Sunday, April 27, 2014
Been, Madar, & McDonnell on Urban Land‐Use Regulation: Are Homevoters Overtaking the Growth Machine?
Vicki Been (NYU), Josiah Madar (NYU), and Simon Thomas McDonnell (NYU) have published an intriguing new article, Urban Land‐Use Regulation: Are Homevoters Overtaking the Growth Machine?, in the latest issue of the Journal of Empirical Legal Studies. Here is the abstract:
The leading theory about urban land-use regulation argues that city zoning officials are full partners in the business and real estate elite's “growth machine.” Suburban land-use officials, in contrast, are thought to cater to the interests of the majority of their electorate—“homevoters.” A unique database regarding over 200,000 lots that the New York City Planning Commission considered for rezoning between 2002 and 2009 allows us to test various hypotheses suggested by these competing theories of land-use regulation. Our analysis reveals that homevoters are more powerful in urban politics than scholars, policymakers, and judges have assumed.

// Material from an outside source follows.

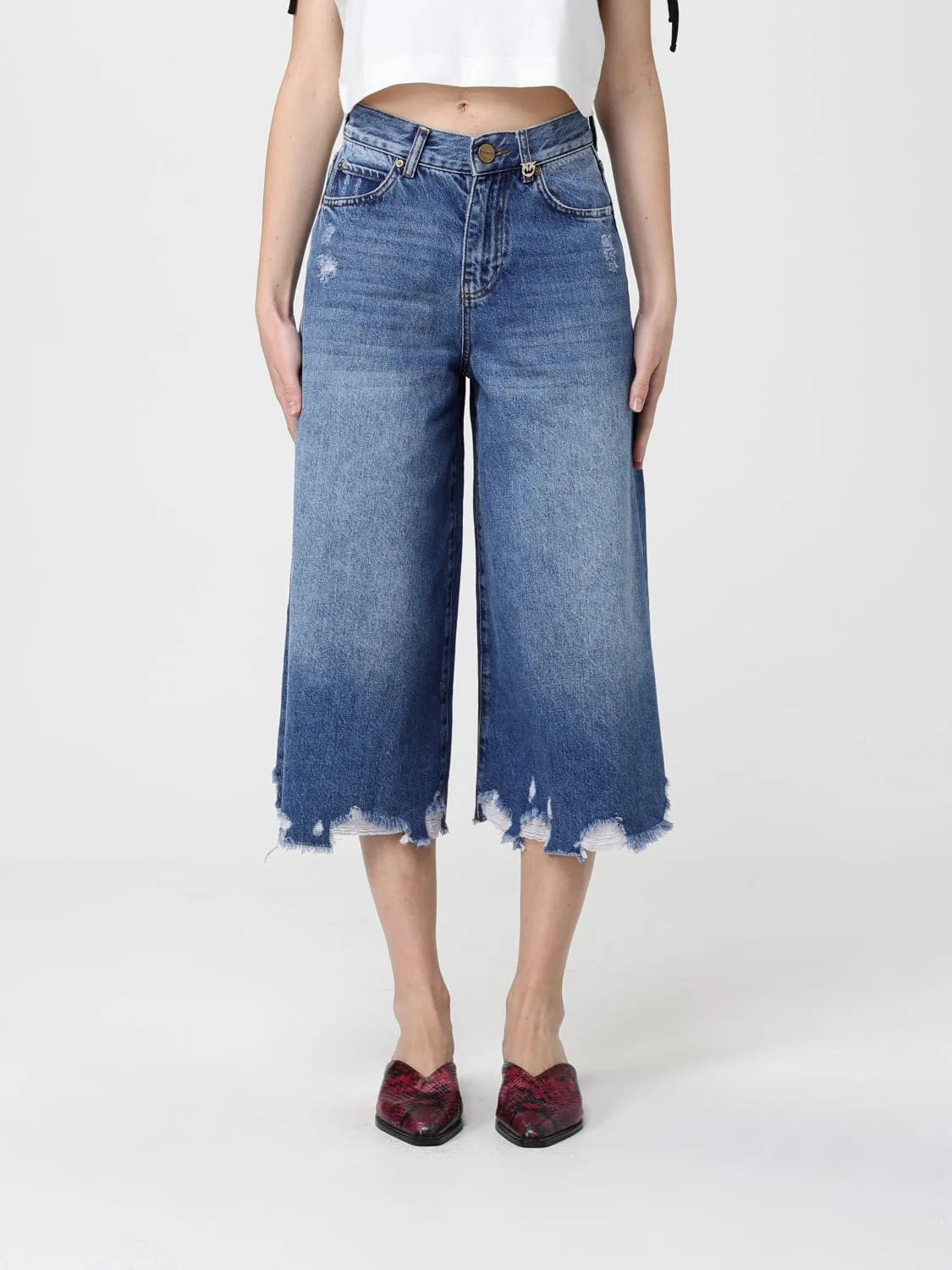 LONG DENIM SHORTS WITH DISTRESSED HEM

It is a definite "must read" for land use law folks. Here is one more teaser from the conclusion:
Our results provide significant evidence that the land-use politics of large cities are not as different from those of the suburbs as theorists, policymakers, and judges have assumed. The fact that a city like New York, with its unusually low homeownership rate, strong real estate and business interests, and ardent embrace of the benefits of agglomeration economics, nevertheless downzoned 6 percent of its lots (and put another 15 percent in a category that likely will function as a downzoning) in less than a decade is remarkable.